Louise Loo y otros economistas estiman que la reducción de la fuerza laboral podría restar alrededor de 0,5 puntos porcentuales al crecimiento anual del PIB en la próxima década, una mordida significativa para una economía que necesita crecer para absorber deudas y financiar su modernización. El desafío es que la demografía actúa en plazos largos: las cohortes nacidas hoy empezarían a integrarse en el mercado laboral en veinte años, por lo que las políticas actuales deben ser sostenidas y coherentes, no parches puntuales.

Impacto global. Qué duda cabe, el declive de la producción china tendría efectos en todo el mundo: desde aumentos de coste en bienes de consumo (teléfonos, calzado, vehículos eléctricos) hasta presiones inflacionarias por la menor eficiencia manufacturera. Plus: la pérdida relativa de capacidad industrial reduciría la influencia estratégica de Pekín en las cadenas de valor globales y en sectores críticos, lo que podría reconfigurar geoestrategias y alentar la relocalización industrial acelerada por políticas arancelarias y acuerdos comerciales. 
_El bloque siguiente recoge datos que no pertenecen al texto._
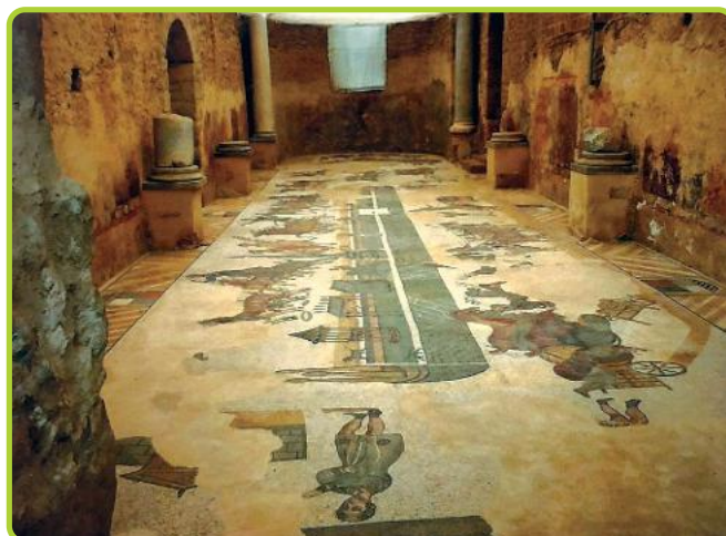
■ Una sala della Villa del Casale a Piazza Armerina in Sicilia.

Ai tempi della fondazione Roma fu abitata da agricoltori e allevatori, fatto testimoniato da reperti archeologici, da templi in onore del dio Pale e di Cerere, divinità delle messi, dal mito di Proserpina. Anche il termine pecunia , denaro, deriva da pecus , -oris = pecora, merce privilegiata di scambio in una società pastorale, quando non esisteva ancora il sistema monetario. Piccoli e grandi proprietari facevano rendere i loro poderi, creando un'economia basata anche sul commercio. Durante i periodi di guerra, i contadini diventavano soldati e costituivano il nerbo delle potenti legioni. Con l'espansione del dominio romano, si crearono vaste proprietà assegnate a coloro che si erano distinti nelle guerre di conquista e fatte coltivare agli schiavi. Molte famiglie patrizie vivevano nella ricchezza, grazie alle rendite derivanti dall'agricoltura, praticata nelle ville di campagna ( villae rusticae ).

Algunos analistas incluso añaden una pica más y advierten también sobre el efecto en la propia seguridad nacional china: una economía que mengua su base laboral y necesita mayores recursos para cuidar a ancianos verá tensionadas sus prioridades internas y externas, con consecuencias políticas impredecibles.

Un problema transversal. En definitiva, la crisis demográfica china no es un asunto de simples cifras de nacimientos, es una fractura estructural que atraviesa la economía, la cultura y la política. Para los analistas, revertirla (si es posible) exige reformas laborales, políticas de conciliación mucho más ambiciosas, reconsideración del papel de la inmigración, inversiones en tecnología con redistribución social y una estrategia fiscal que redistribuya cargas entre generaciones. 

Si se quiere, China afronta ahora la fase más difícil de su modernización: no la de pasar de pobre a industrial, sino de transformar una sociedad construida sobre décadas de control demográfico en otra capaz de sostener su prosperidad con menos brazos, más longevidad y nuevas aspiraciones personales. Mientras, el tiempo corre en contra: la política demográfica obliga a pensar en horizontes de medio siglo, y la pregunta que queda flotando es si Pekín tiene la flexibilidad política y la paciencia histórica para navegar ese laberinto sin sacrificar la cohesión social ni la ambición internacional que ha guiado su ascenso.